Total Quality Management

Total quality management is a management approach centered on quality, based on organization-wide participation, and aimed at long-term success through customer satisfaction.

TQM focuses on customers, both internal (within the organization, the next party in the work process) and external (end users, stakeholders, regulatory agencies).

Given the fluctuating nature of customer satisfaction, continuous improvement is critical to an organization’s survival. The concept applies to processes and the people who operate them as well as products.

The plan-do-check-act (PDCA) cycle is a well-known model for continuous process improvement. The four-step process is also referred to as the Shewhart cycle (for Walter A. Shewhart), the Deming cycle (for W. Edwards Deming), and the PDSA cycle (with the S standing for “study”). First, a plan to effect improvement is developed. Next, the plan is carried out, preferably on a small scale. Then effects of the plan are observed. Last, results are studied to determine what was learned and what can be predicted.

TQM’s emphasis on participation recognizes every activity contributes to or detracts from quality and productivity.

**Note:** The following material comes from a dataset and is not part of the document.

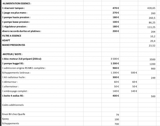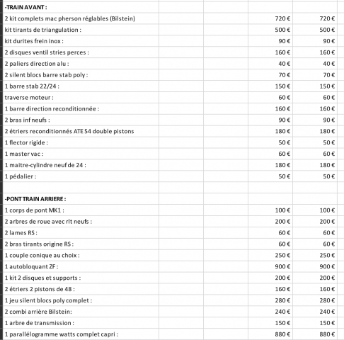 Bonjour messieurs/dames, Un copain va mettre en vente sa Ford capri montée en Groupe 2 très bientôt. Je la récupère en vente chez CarJager dans les semaines à venir. Je me permets de vous en parler ici avant qu'elle soit chez un pro et que je ne puisse plus la poster ici. La voiture est neuve, beaucoup de frais engagés dans la prépa. J'aurai le dossier complet dans les jours qui viennent, mais si quelqu'un est intéressé, il peut m'appeler au +33604171370! On serait aux alentours des 79.000€, mais il est ouvert aux offres sérieuses et raisonnables bien évidemment Vous trouverez un récapitulatif de ce qui a été fait ainsi que quelques rapides photos. En espérant qu'on se croise à Pouilly! A+
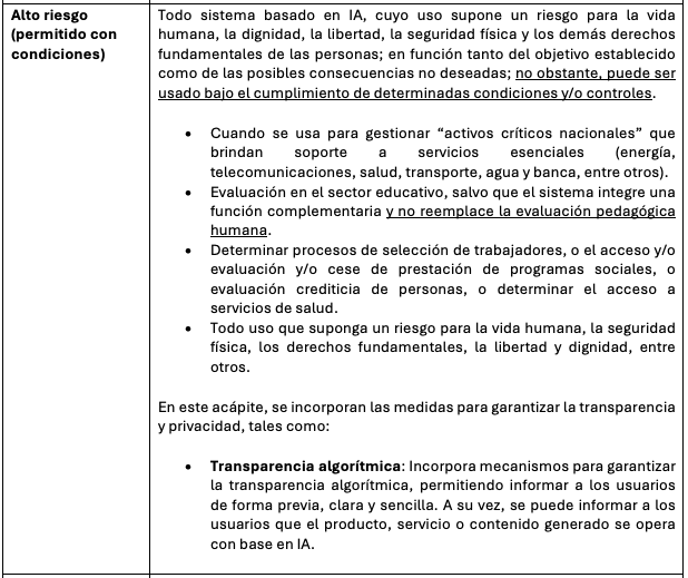 - En sistemas basados en IA – Riesgo Alto: Mantener registro actualizado y accesible, con enfoque preventivo, sobre los principios del funcionamiento del sistema, las fuentes de datos utilizadas y la lógica del algoritmo, los impactos sociales y éticos esperados.

Leadership from management and employee involvement are crucial for success.

Management’s role in TQM is to develop a quality strategy aligned with organizational business objectives and based on customer and stakeholder needs. After that strategy is defined, managers must participate in its deployment regularly and at every level.

Employee involvement can take several forms. Typically, quality improvement requires teams involving employees across functional boundaries. When employees are involved in quality, their organizations are more likely to make well-informed quality decisions and feel responsible for those decisions. Organizations empower employees by allowing them to make decisions that improve work processes within defined boundaries.